Propaganda was disseminated in every possible way — big character posters, loudspeakers on trucks and the commercial media as well as in the classroom. When I first studied Chinese I learned to say to my students, “Ni hao tóngzhìmen” or “hello comrades.” Later I was told to say “tongxuemen” or students. I never said either. I spoke to my students in English. 😉

Many of China’s great writers and artists — patriotic Chinese — were imprisoned, forced to write confessions, hounded publicly, driven to suicide or killed outright. Among them was Lao She, a writer I happen to love. His love of China shines in every word he wrote (and I’ve read everything that’s been translated to English). One of his novels, Camel Xiangtse, was translated to English soon after it came out in the late 1930s. It became a bestseller. It’s known as Rickshaw Boy.

All translations published in China. “Teahouse” is a beautiful play that tells the story on an old-fashioned Chinese story-teller amid the rapid changes in Chinese society in the early/mid 20th century.

It’s true that Lao She criticized Communism in his satirical, science fiction novel, Cat Country (the word for cat in Chinese is “mao”) that gently points out the problems of “Everybody Shareskyism” and its intrinsic conflict with traditional Chinese Culture, and he never joined the Party, but, at the same time, he frequently expressed support for Mao and the actions of the Chinese Communist Party.

For a short time Lao She lived in America. His friend, Pearl S. Buck, brought him over for his own safety. He was never at home anywhere but Beijing, so he returned. Perhaps his having lived in America is part of the reason for his treatment during the height of the Cultural Revolution. A good article about what happened to Lao She is here in the South China Morning Post, “The Mystery of Lao She.”

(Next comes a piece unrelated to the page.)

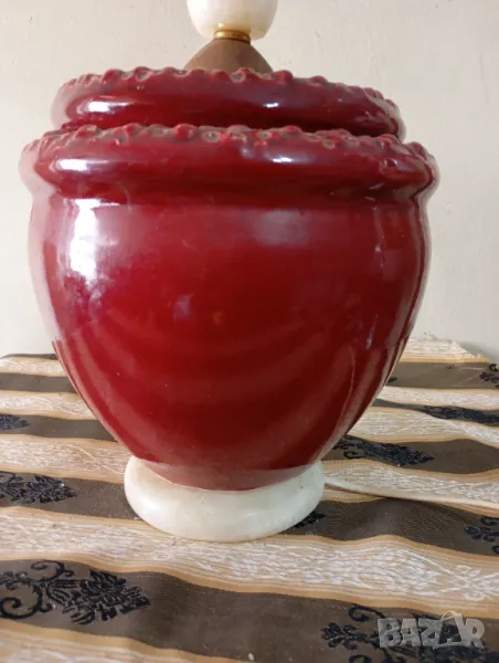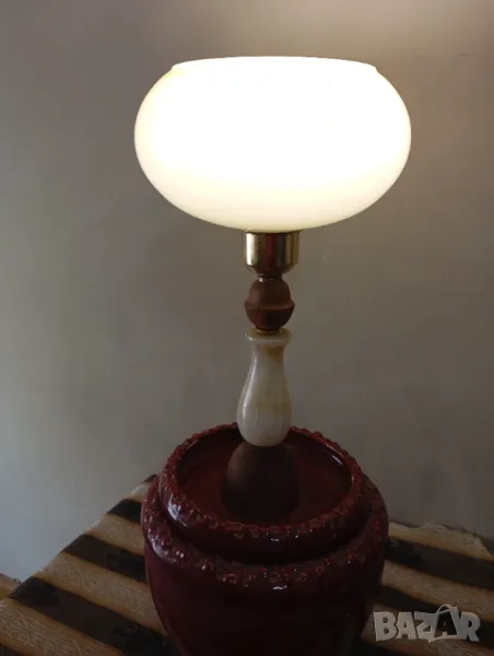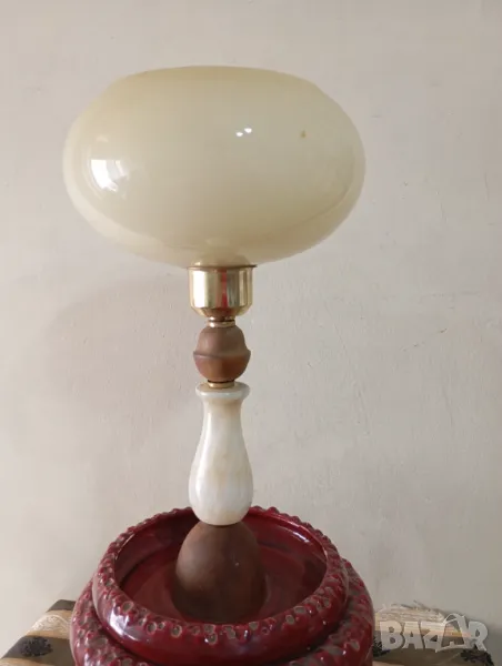 стара нощна лампа.корпус от оникс,дърво, предполагам керамика(червеното).

For a while the Chinese were aware that things had gone awry with their revolution, but until Chairman Mao died, they couldn’t do anything about it. With such a heroic figure in power, who was going to do anything? Mao dies, the Gang of Four powerful party leaders, including Mao’s wife, were accused of crimes against the state (were they guilty? were they scapegoats? I don’t know) Deng Xiao Ping rose to power, Nixon came to call, and it was time for China to rebuild itself.

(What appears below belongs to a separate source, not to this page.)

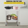 VEVOR roestvrijstalen voorbereidingstafel met onderblad en wielen voor gebruik in de keuken.
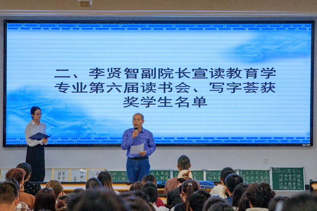 (通讯员李想 马晓艳)习近平总书记在全国教育大会上强调,要实施教育家精神铸魂强师行动,加强师德师风建设,提高教师培养培训质量,培养造就新时代高水平教师队伍。为达成“四有”好老师目标,培养师范生的综合素质与能力,我校教育科学学院(以下简称“教科院”)开展“师陶学陶”系列活动,以陶冶师范生的师德师风、学识学风。2024年10月17日下午1:30,教育学专业在博雅楼420开展第六届“写吧”写字荟、“读吧”读书会颁奖典礼暨2023级、2024级教育学专业导师见面会。教科院党委书记乐三明、教科院副院长吴贤华、教科院副院长李贤智,以及教育学专业全体教师参加。典礼由2024级教育学1班洪圆圆同学主持。

The most wonderful letter I have ever received. ❤

What I learned about totalitarianism in endless conversations with people during my year in China is that:

  • the people must support it;
  • it cannot co-exist with critical thought;
  • it requires a cult of personality, someone with the larger-than-life image of Chairman Mao;
  • the media must be controlled and free expression of ideas must be suppressed;
  • knowledge is the enemy of totalitarianism;
  • the language of totalitarianism relies on hyperbole and absolutes such as “the greatest” and “the only;”
  • repetition, repetition, repetition, slogans and proverbs serve the ends of totalitarianism;
  • totalitarianism is attractive to desperate people who are looking for a fast solution to their problems.

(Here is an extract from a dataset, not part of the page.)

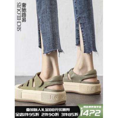 商品名称:奢驰路易(SECHILOUIS)包头凉鞋女2023夏季新款皮复古罗马鞋透气镂空洞洞休闲板鞋女 绿色 36

I also came to understand that communism is not totalitarianism; that is just the only model recent history has offered us.

Tiananmen Square in Beijing.
Chairman Mao on the Side of a Building in Haikou City on Hainan Island

Very little of Chairman Mao remained in “my” China. There was only one random Mao picture. It was on a remote and then very poor part of China, Hainan Island.

Hainan is now a developed luxurious place for tourists.

6 thoughts on “Thoughts on Totalitarianism (and Chairman Mao)

  1. This is probably the same period when they were using Han pottery, ground up, to pave their roads. They did eventually come to their senses, but they destroyed a huge amount of ancient porcelain and let the Forbidden City fall into further ruin. I used to belong to a group and the dues I paid were used to help try to keep that city from complete collapse. I think they eventually realized it was a tourist site. Saved by tourism.

    • China was saved by tourism. When they figured it out (I was there at the time) they started putting a priority on repairing things they’d destroyed. But I think they also repaired them for themselves. All the “olds” just went underground.